Continued swimming in fish relies almost exclusively on the red muscle, which in trout constitutes less than 5 % of the trunk muscle mass (Davie et al. 1986). Thus, a small fraction of the skeletal muscle mass is repeatedly exposed to propagating action potentials and a concomitant Na+ influx and K+ efflux. To sustain such muscle activity, the regulation of levels of these ions must suffice to maintain their electrochemical potentials. In mammals, the onset of exercise is always reported to be associated with increases in arterial and venous plasma K+ concentrations ([K+]a and [K+]v) and a negative arterio-venous difference in plasma K+ concentration ([K+]a–v) across the working muscle, implying a loss of K+ (e.g. Hallén, 1996; Lindinger, 1995; Sjøgaard et al. 1985; Vøllestad et al. 1994). These changes are quantitatively correlated to the intensity of the exercise (Hallén, 1996; Lindinger, 1995; Lindinger and Sjøgaard, 1991; Rolett et al. 1990; Sjøgaard et al. 1985; Sjøgaard, 1990; Vøllestad et al. 1994). Both an increase in [K+]a and a loss of K+ from the muscle lead to a decrease in the membrane potential of the muscle cell, and it is suggested that this may contribute to the development of muscle fatigue (Bangsbo et al. 1996; Sjøgaard et al. 1985; Sjøgaard, 1990, 1996). At a specific work intensity, the changes in both [K+]a and [K+]v are decreased following training, an.d both endurance and the maximal rate of oxygen uptake are improved in mammals (Green et al. 1993; Madsen et al. 1994; McKenna et al. 1993; McKenna, 1995; Tibes et al. 1976; Kjeldsen et al. 1990a). Studies on swimming trout reported increases in [K+]a at swimming velocities of 1–1.5 BL s−1 (Nielsen et al. 1994; Nielsen and Lykkeboe, 1992; Thomas et al. 1987), i.e. at swimming speeds that the fish is supposed to be capable of sustaining. However, these studies only dealt with a limited range of swimming velocities.

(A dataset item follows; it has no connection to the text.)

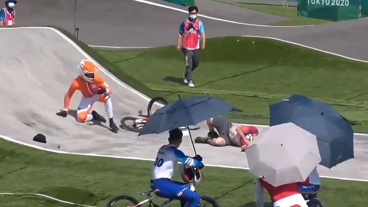 En plena práctica en la pista de BMX de Tokio, donde los riders calientan motores a pura adrenalina y explosividad, propio de esta competencia, un oficial de carrera protagonizó una caída absurda.

The aim of the present study was to examine [K+]a and [lactate]a during sustained swimming in untrained and trained trout. This was achieved at a range of speeds from a low level of exercise to fatiguing exercise. In addition, arterial blood oxygen tension , tetramer haemoglobin concentration ([Hb4]a), oxygen concentration , haematocrit and pH (pHa) and the plasma concentration of cortisol were measured to evaluate the effects of swimming speed on these parameters.
Materials and methods
Experimental animals
Rainbow trout [Oncorhynchus mykiss (Walbaum)] all from the same stock were obtained from a commercial farmer and acclimated to 15 °C and a 12 h:12 h light:dark photoperiod. The fish were randomly divided into two groups. One group served as controls and was maintained in aerated water, and the other group was placed in a training raceway (see Fig. 1 for a description). All fish were fed commercial trout pellets once daily. The fish in the training raceway were trained to swim for 23 h day−1 at 1.2–1.5 BL s−1, where BL is total body length, over a 10 day period with regular increments in daily swimming time from 4 h day−1 initially to 23 h day−1 finally, which was then maintained for a minimum of 2 months. Fish were acclimated to these conditions on two occasions: October 1995 (approx. 300 g fish) and April 1996 (approx. 200 g fish). These fish are referred to as W95 and S96 respectively.
Swim test
The swimming capacity of the fish was measured in the test raceway (see Fig. 1 for a description). In this raceway, the water velocity was adjustable from 0 to approximately 100 cm s−1. To allow sampling of arterial blood, the fish were anaesthetized (benzocaine, 0.1 g l−1) and fitted with a dorsal aortic cannula (Soivio et al. 1975). The fish were then placed in the swim chamber of the test raceway and allowed to recover until the next day, at a water velocity of 10 cm s−1 (routine swimming). The swim test per se consisted of hourly step increases in water speed corresponding to 0.5 BL s−1 until the fish fatigued (defined as the inability of the fish to stay free of the back grid of the swim chamber).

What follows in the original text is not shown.